III. Statutory and Executive Order Reviews

A. Notice and Comment Under the Administrative Procedures Act

    This is a final EPA action, but is not subject to notice-and-
comment requirements of the Administrative Procedures Act (APA), 5 
U.S.C. 553(b). The EPA invokes, consistent with past practice, the good 
cause exception pursuant to APA, 5 U.S.C. 553(b)(3)(B). Notice and 
comment are unnecessary because no significant EPA judgment is involved 
in finding that certain States did not submit a State Plan by the 
November 17, 2006 deadline specified in CAMR and providing notice of 
the status of submission of State Plans.
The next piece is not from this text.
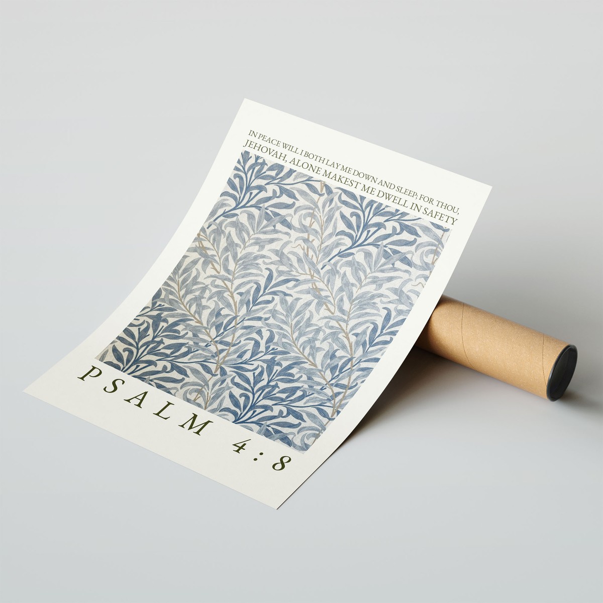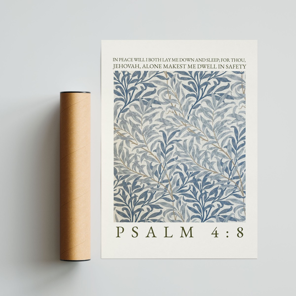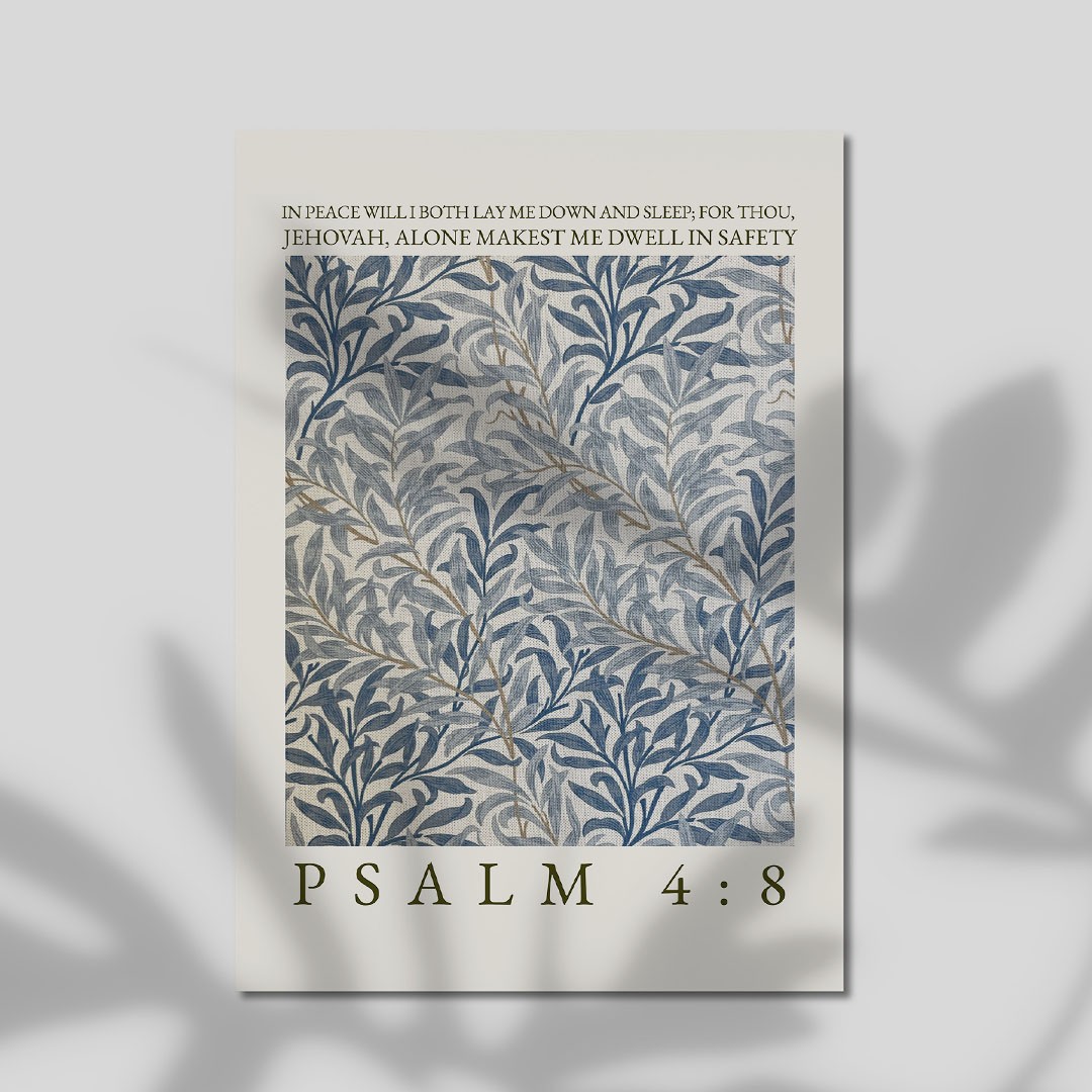 This elegant art print features a beautifully detailed botanical pattern in soft, calming tones of blue, cream, and subtle gold accents, inspired by classic floral designs. Paired with the peaceful words “In peace will I both lay me down and sleep; for thou, Jehovah, alone makest me dwell in safety” – Psalm 4:8, it creates a soothing and comforting piece.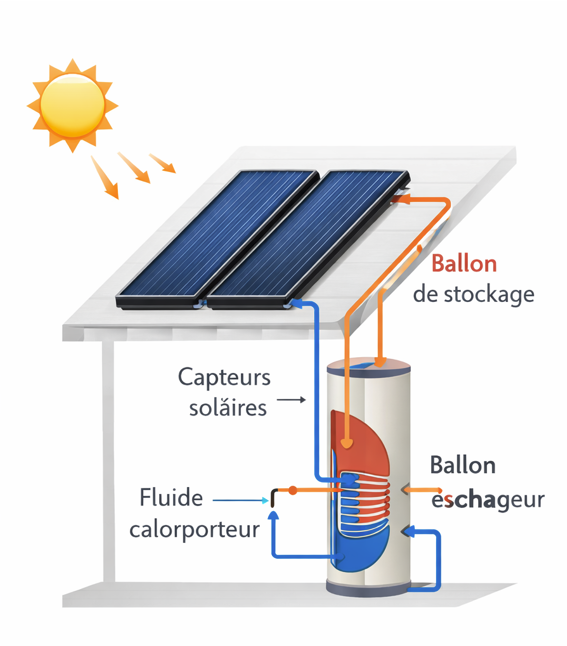 Schéma de principe du chauffe-eau solaire (capteurs / ballon / échangeur)

In addition, EPA believes that 
providing notice and an opportunity to comment would be contrary to the 
public interest in that the finding is a necessary predicate to EPA 
proposing a Federal Plan that will ultimately ensure that emission 
reductions are achieved in areas not covered by an approved State Plan 
and EPA needs to proceed promptly with proposing a Federal Plan to 
ensure that the Federal Plan can be finalized in a timely manner.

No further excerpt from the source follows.